Mitigating downtime when selecting a new active node

Hello,
We are reviewing Vault to see if it can help with our secret management. For a POC, we created an EKS cluster and used the official helm chart to deploy a HA Vault cluster & enabled ingress via an ALB.
However, testing under load we have found that should the active node be killed no traffic is served.

I understand this is be design - there can only be 1 active node, so requests cannot be served while the active node is being changed. However, while this process is quick (~1s) the concern is a cluster receiving 100’s of requests a second, moving to potentially 1000’s, thats a lot of failing requests in that period. Combined with the fact that theres a few comments out there from people seeing it take 30s, or even 1 case of someone mentioning it taking 5 mins.

As the company grows, we are going to be handling a large number of requests a second that cannot fail.
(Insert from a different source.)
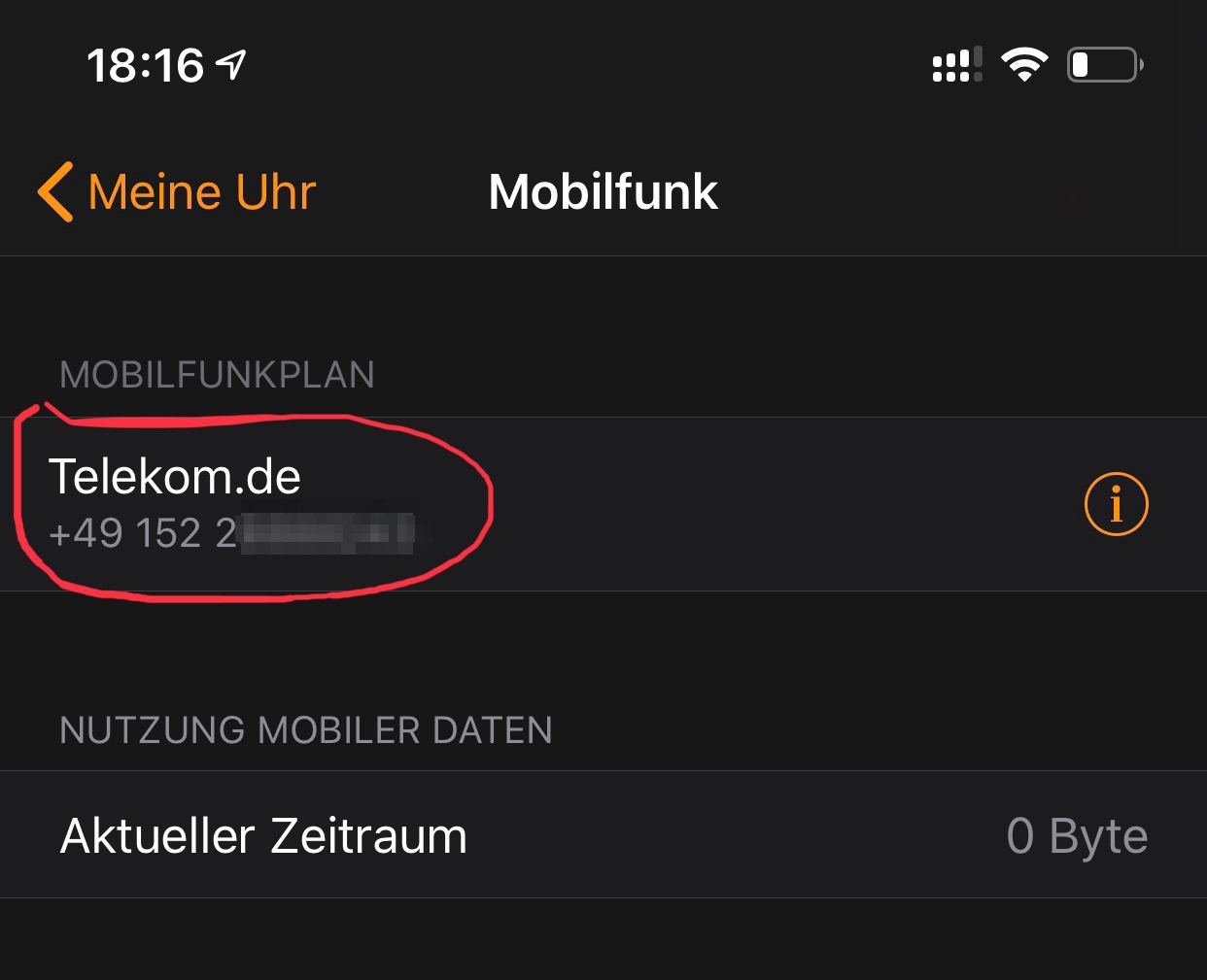 Falscher Mobilfunkplan in Watch App durch eSIM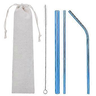 Portable Stainless Steel Drinking Straws for Travel - Blue

The concern is, during cluster upgrades (which need to happen regularly for compliance) that the active node switching is going to be something that happens & we need to try ensure that the impact is ideally nothing.

So how are people handling this on production clusters? Is the expectation to just have clients re-try in the hope that a new active node is selected quickly enough that after a re-try or 2 its fine, or are there other options?
The majority of our traffic is going to be read requests - Does enterprise with performance replicas solve this issue? I assume the downtime during the active node selection would still happen, but the fact the standby nodes can response to read requests would that help mitigate issues?

Thanks

Requests that cannot fail is something that is extremely difficult to achieve in reality.

As you mention the Enterprise performance replicas feature can be useful for read traffic, but no use for write requests. Also, even for reads you would like still get failed requests, as a load balancer detecting a failure before removing from a pool still takes some time.

In general for any connected remote system you need to assume failures and design accordingly - transient network or server issues are a fact of life, so requests will fail and need to be retried. Using techniques like random and exponential back off are advised to prevent cascading problems.

At the level of that many requests per second it may also be worth looking at functional sharding - multiple clusters split by usage type to reduce the impact of a single issue or blip.